Interfractional variation in whole-breast VMAT irradiation: a dosimetric study with complementary SGRT and CBCT patient setup

This study evaluated the sufficiency of the 5 mm CTV-to-PTV margin and the dosimetric effects in the presence of setup uncertainties and tissue deformations in breast cancer RT. The 5 mm margin was sufficient to account for CTV deformations only in 85% of the treatment fractions using daily CBCT setup. In the cumulative dose distributions with CBCT setup, the goal for CTV dose coverage was fulfilled in 59% and 62% of patients with tVMAT and 3D-CRT, respectively. Therefore, reducing the margin below 5 mm is unadvisable. The results also argue for caution in patient positioning, as less accurate methods may further compromise the target dose coverage.

While the CTV-to-PTV margin can be reduced to 5 mm with modern IGRT techniques [1], this study showed that a 5 mm margin is not enough to enclose all anatomical and setup uncertainties of the CTV inside the body.
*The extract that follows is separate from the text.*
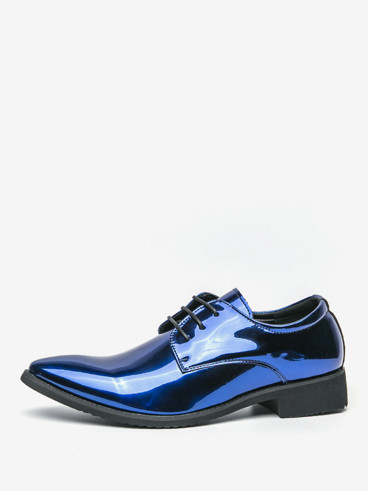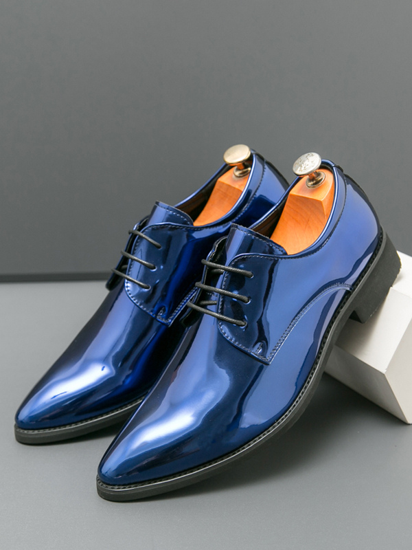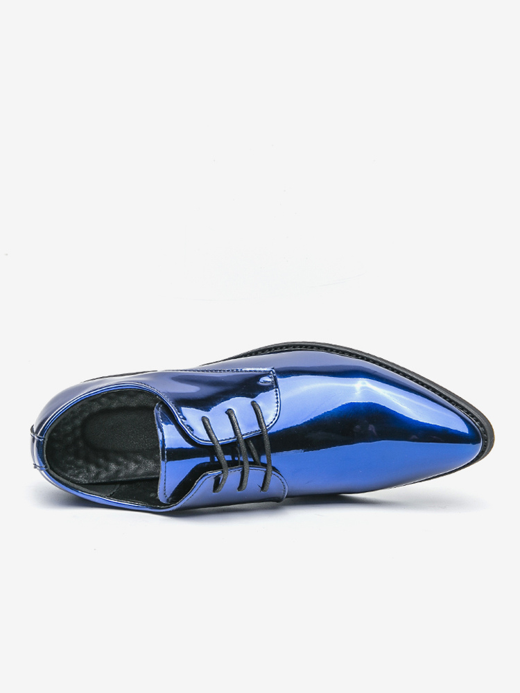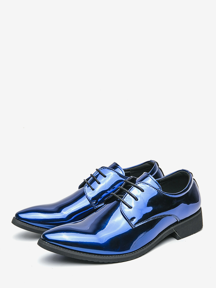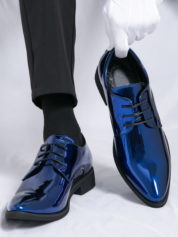 メンズドレスシューズ ブルー ポインテッドトゥ レースアップシューズ

CTV-to-PTV margins of 7 and 10 mm during treatment planning would have enclosed 95% and 100% of CTV shape changes, respectively (Fig. 5). An increase in margin would probably improve the delivered dose coverage, but the effect of increasing the enclosure percentage on local recurrence probability is not known.
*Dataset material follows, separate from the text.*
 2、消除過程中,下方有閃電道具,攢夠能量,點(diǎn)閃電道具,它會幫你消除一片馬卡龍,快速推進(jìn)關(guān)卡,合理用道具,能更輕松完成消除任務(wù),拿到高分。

The cumulative dose distributions demonstrated a median decline of 0.4 and 0.5 percentage points in CTVin coverage with tVMAT and 3D-CRT, respectively, while the median coverages remained above the planning goal with both techniques. Therefore, both techniques proved robust in this patient cohort. The dosimetric effects in the cumulative dose distributions were caused by both tissue deformation and setup uncertainties that were incorporated in the deformed CT images. The median CTV coverage values of cumulative dose distributions fulfilled the initial planning goal, even though the planning goal of V95% > 98% of prescribed dose was relatively strict. A larger impact was demonstrated in PTVin coverage, which was retained with 3D-CRT and slightly declined below the planning goal for tVMAT. This effect was to be expected as random position error mainly manifest as blurring on the edges of a homogeneous dose distribution [7]. The range of CTVin and PTVin coverages was larger for 3D-CRT compared to tVMAT, but the median values indicate that both techniques are robust towards positional and deformative uncertainties in this patient cohort.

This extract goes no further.